Because I know next to nothing about Asperger’s Syndrome, but believe that I present a few of the symptoms; and, furthermore, that reviewing my life in terms of cognitive gaffes, which appear to be the most striking aspect of the malady to healthy people, seems to explain a good deal of hitherto obdurately inexplicable behavior; and, finally, because I’m mindful that there are many sufferers whose lives have been crippled by the disorder, while mine has merely been inconvenienced, I have decided not to talk about Asperger’s at all. While I was in the hospital - under the influence of morphine, no doubt - I ran into many language labyrinths. I could never say “Percoset” right off. First of all, I had to reject “Prednisone.” Then I would thrash my way through verbal salads of “Penobscot,” “Pemaquid,” finally landing on “Butternut.” The Butternut phase was followed by an easy ability to say “Percoset.” All the while, I was thinking, in this or that connection, “That’s my Wellsperger’s talking.”  

In the essay that I linked to a couple of weeks ago, Tim Page makes the extraordinary claim that he learned how to interact with people from Emily Post’s handbook of etiquette. I had the advantage of direct tutorials from my mother, who would take me out to dinner before a Philharmonic concert every now and then. (As always, I went overboard. I wasn’t supposed to like the music; I was there to learn to sit still.) Ordinarily contentious, our relations during these evenings were almost playful. I was learning a game, and the object of the game was to fool waiters and headwaiters and other adults into regarding me as a well-behaved teen-ager, a “young man.” In the ad-libbed environment of high school free periods, with no script to work with, I was hopelessly clumsy. Every once in a while, I came up with a clever remark, but that made me tolerable, not admirable. Having absolutely no lust in my own breast, I couldn’t explain the knack that classmates had – especially the attractive, popular ones – for making themselves miserable because their passions were not satisfactorily requited. I hope it won’t offend readers to learn that I sailed through adolescence – and the rest of my life – untroubled, if that’s the word, by “nocturnal emissions.”

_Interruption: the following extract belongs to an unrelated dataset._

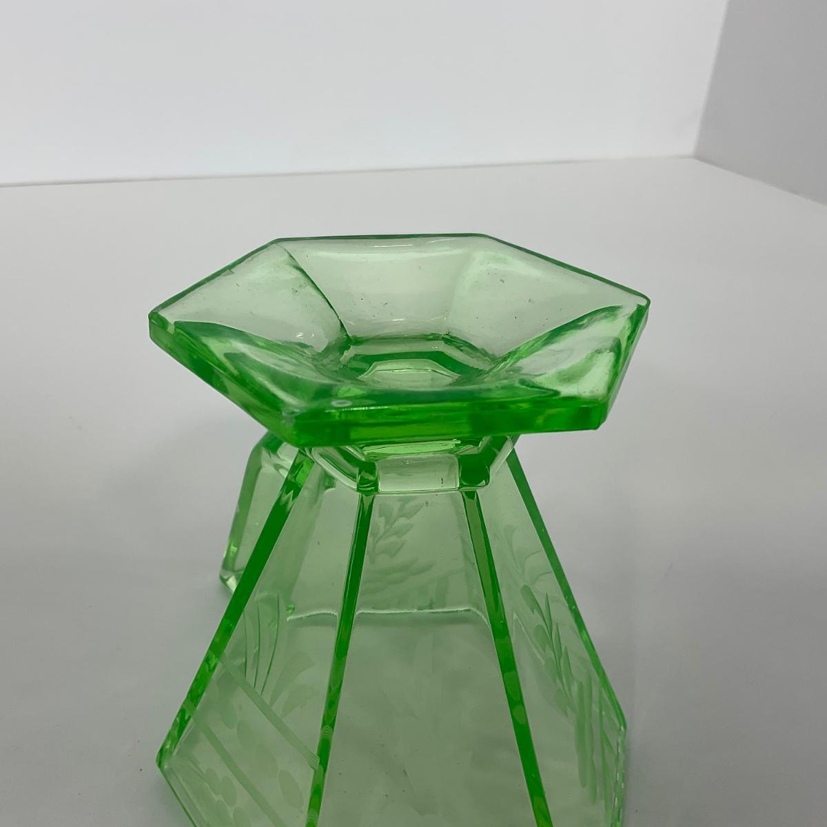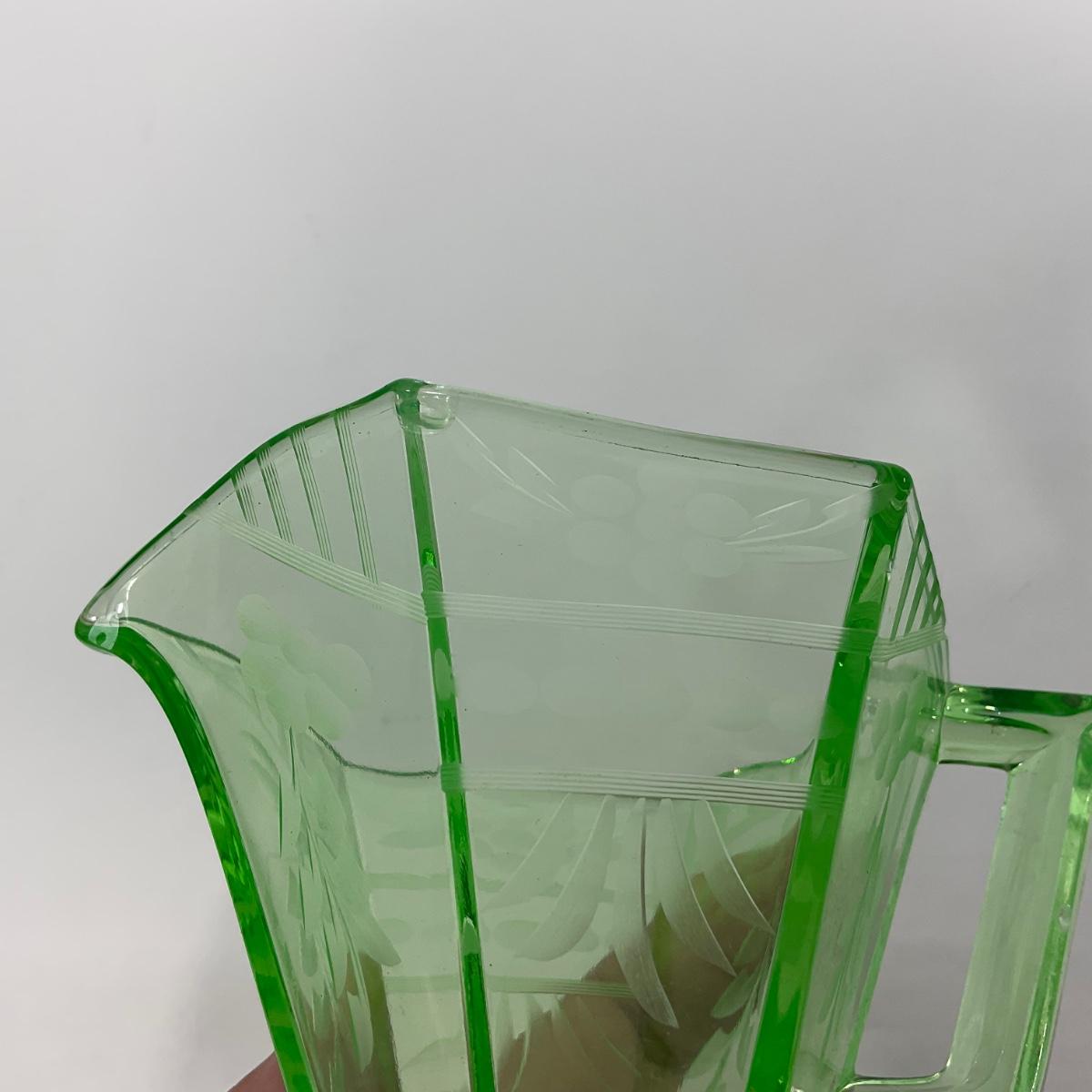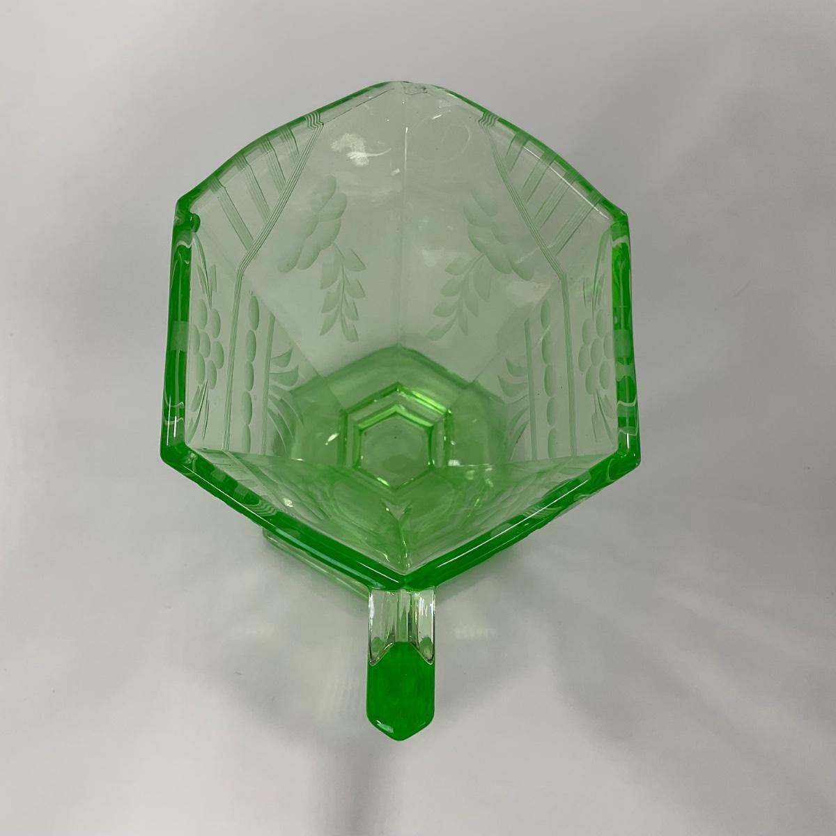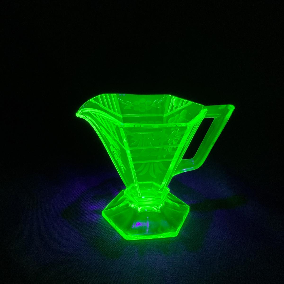 -92- URANIUM | Etched Green Depression Glass Creamer

So I learned how to make friends and influence people from the outside in. I whistled happy tunes.

I whistle a happy tune
And ev’ry single time
The happiness in the tune
Convinces me that I’m not afraid.

Make believe you’re brave
And the trick will take you far.
You may be as brave
As you make believe you are….*

Eventually, I didn’t even have to whistle. This was a mistake, of course, because I still had much to learn  about people, and the memories of mistakes and inadvertent insults that I compounded during my twenties (when I was also a lobster out of water in Houston) can still make my blood run cold.

In any case, the idea of “acting naturally” strikes me as totally outlandish. I can fake acting naturally, but only after I’ve had thirty or so minutes to study my environment.

Here is the note that I want to close on, this morning: the time and effort that I have put into honing antennae and sizing up a roomful of people have cost me, if not a Nobel, then at least a MacArthur grant. Am I resentful? Certainly not! It’s a relief to know why.

* Rodgers and Hammerstein, The King and I.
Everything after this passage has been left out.